Essen. . Bundespräsident Christian Wulff hat überraschend seinen für Samstag geplanten Besuch des neuen Stahlwerks von Thyssen-Krupp in Brasilien abgesagt. Er begründete den ungewöhnlichen Schritt mit der angekündigten Konzern-Umstrukturierung.

Die plötzliche Absage von Bundespräsident Christian Wulff, das neue brasilianische Thyssen-Krupp-Stahlwerk bei Rio de Janeiro zu besuchen, sorgt in dem Essener Konzern nur für Kopfschütteln.

Wulff, der sich mit einer Wirtschaftsdelegation in Lateinamerika aufhielt, wollte die Reise mit einem Besuch im brasilianischen Stahlwerk abschließen. Doch dann veröffentlichte Thyssen-Krupp in der Nacht zu Freitag seine tiefgreifenden Konzern-Umbaupläne, von denen weltweit 35 000 Beschäftigte betroffen sind.

Der Bundespräsident zeigte sich überrascht und sagte kurzentschlossen die Werksbesichtigung in der Nähe von Rio de Janeiro ab. Über die Begründung berichtet die „Deutsche Welle“. Danach soll Wulff die „kurzfristig angekündigten umfangreichen Umstrukturierungen im Thyssen-Krupp-Konzern mit noch nicht absehbaren Auswirkungen“ als Argument angeführt haben.

Keine Vorabinformation möglich

Offiziell bedauerte ein Thyssen-Krupp-Sprecher die Besuchsabsage. Im Umfeld des Konzerns ist aber Kritik am Verhalten Wulffs hörbar: Der Stab des Präsidenten sei sehr wohl über die nächtliche Strategieentscheidung des Konzernvorstands in Kenntnis gesetzt worden, die am 13. Mai dem Aufsichtsrat vorgelegt wird. Eine Vorabinformation des Bundespräsidenten sei aber nach dem Wertpapierhandelsgesetz nicht möglich gewesen.

Die Sorgen des Staatsoberhaupts über möglicherweise wegfallende Arbeitsplätze sind dabei offenbar größer als in der Belegschaft. „Es gab kaum Reaktionen bei den Kollegen“, sagte Konzernbetriebsratsvorsitzender Thomas Schlenz dieser Zeitung.

Betriebsrat „etwas überrascht“

Dass Bundespräsident Wulff seinen Besuch im brasilianischen Stahlwerk absagte, hat den Thyssen-Krupp-Betriebsratschef „etwas überrascht“. Schlenz: „Hier geht es nicht um Arbeitsplatzabbau, sondern um Umstrukturierungen.

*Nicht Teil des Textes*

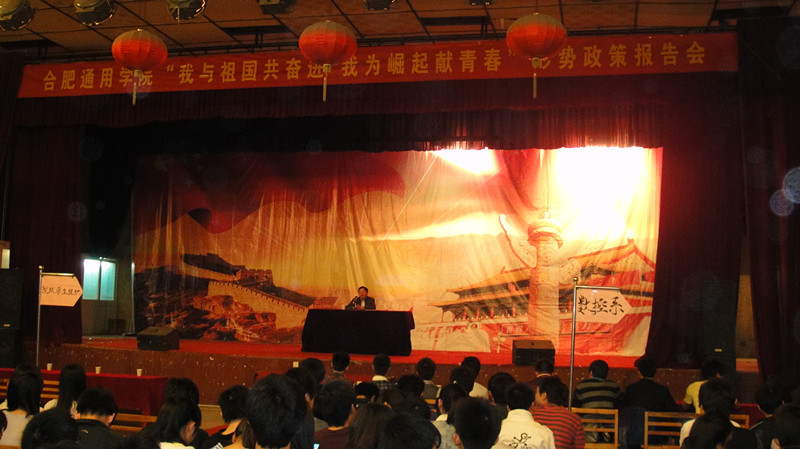 为迎接中国共产党成立90周年,辛亥革命100周年,使广大团员青年深入了解党和国家的重要形势、政策和基本国情、省情,4月20日晚19时,我院“我与祖国共奋进,我为崛起献青春”形势政策报告会在大学生活动中心如期举行。合肥通用学院党委副书记、副院长田启昌应邀为广大团员青年做了题为《安徽省十二五发展规划及对高技能人才的需求》的专题报告。各系团总支带领全院五百余名团员青年聆听了本次报告会。
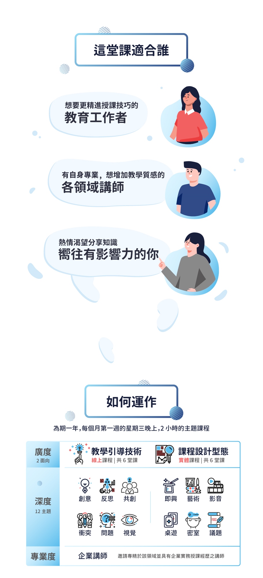 前六場為線上進行;後六場為實體進行(暫定上述場地,如有變更會另行通知)

Ich begrüße aber, dass ein Politiker die Sorgen der betroffenen Beschäftigten aufgreift und ernst nimmt.“

Irritiert zeigte sich Schlenz auch über die Berichterstattung in manchen Medien. So schrieb die „Bild“-Zeitung, Thyssen-Krupp plane, weltweit 35 000 Mitarbeiter zu „entlassen“. Auch im WDR-Radio war von „Massenentlassungen“ die Rede. „Das ist so nicht richtig“, betont Schlenz.

Beschäftigungs-Garantie

Der Betriebsrat gehe heute „gut vorbereitet“ in die Gespräche mit der Thyssen-Krupp-Führung. Darin will er eine „Beschäftigungs- und Einkommensgarantie“ für alle Betroffenen aushandeln. Es gebe vom Vorstand „Signale für qualifizierte Gespräche“. Die Basis heute sei eine völlig andere als 2009, als Thyssen-Krupp betriebsbedingte Kündigungen, zu denen es bislang nicht kam, nicht ausschloss.

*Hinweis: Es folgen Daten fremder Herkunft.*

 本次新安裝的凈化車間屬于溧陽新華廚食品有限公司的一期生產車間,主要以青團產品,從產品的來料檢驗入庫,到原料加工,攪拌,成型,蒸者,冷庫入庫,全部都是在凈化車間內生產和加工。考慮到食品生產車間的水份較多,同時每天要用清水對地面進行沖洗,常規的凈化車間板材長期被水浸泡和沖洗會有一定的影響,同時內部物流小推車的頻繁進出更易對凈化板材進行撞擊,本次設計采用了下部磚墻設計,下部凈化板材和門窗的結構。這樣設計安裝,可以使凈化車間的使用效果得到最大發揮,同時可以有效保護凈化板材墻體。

Der Konzern hatte in der Nacht zu Freitag angekündigt, das Edelstahlgeschäft auszugliedern und das Fahrzeuggeschäft verkaufen zu wollen.

5,2-Milliarden-Euro-Investition

Es ist wohl das erste Mal, dass ein deutsches Staatsoberhaupt einen Besuch im Ausland aus innenpolitischen Gründen abbricht. Dabei hatte Wulff das neue Thyssen-Krupp-Stahlwerk in Brasilien auf seiner Reise immer wieder als vorbildlich gelobt.

Auch dem Essener Konzern wäre daran gelegen gewesen, sich mit dem Präsidenten am Hochofen zu schmücken. Mit 5,2 Milliarden Euro ist das Stahlwerk die größte Einzelinvestition der Unternehmensgeschichte. Doch war der Bau auch von Pannen und Verzögerungen begleitet. Die Anlage wurde nicht nur erheblich teurer als geplant. Nach der Inbetriebnahme musste Thyssen-Krupp Strafen in Millionen-Höhe zahlen und sich bei den Anwohnern entschuldigen, dass beim Anfahren eine Staubwolke nieder ging.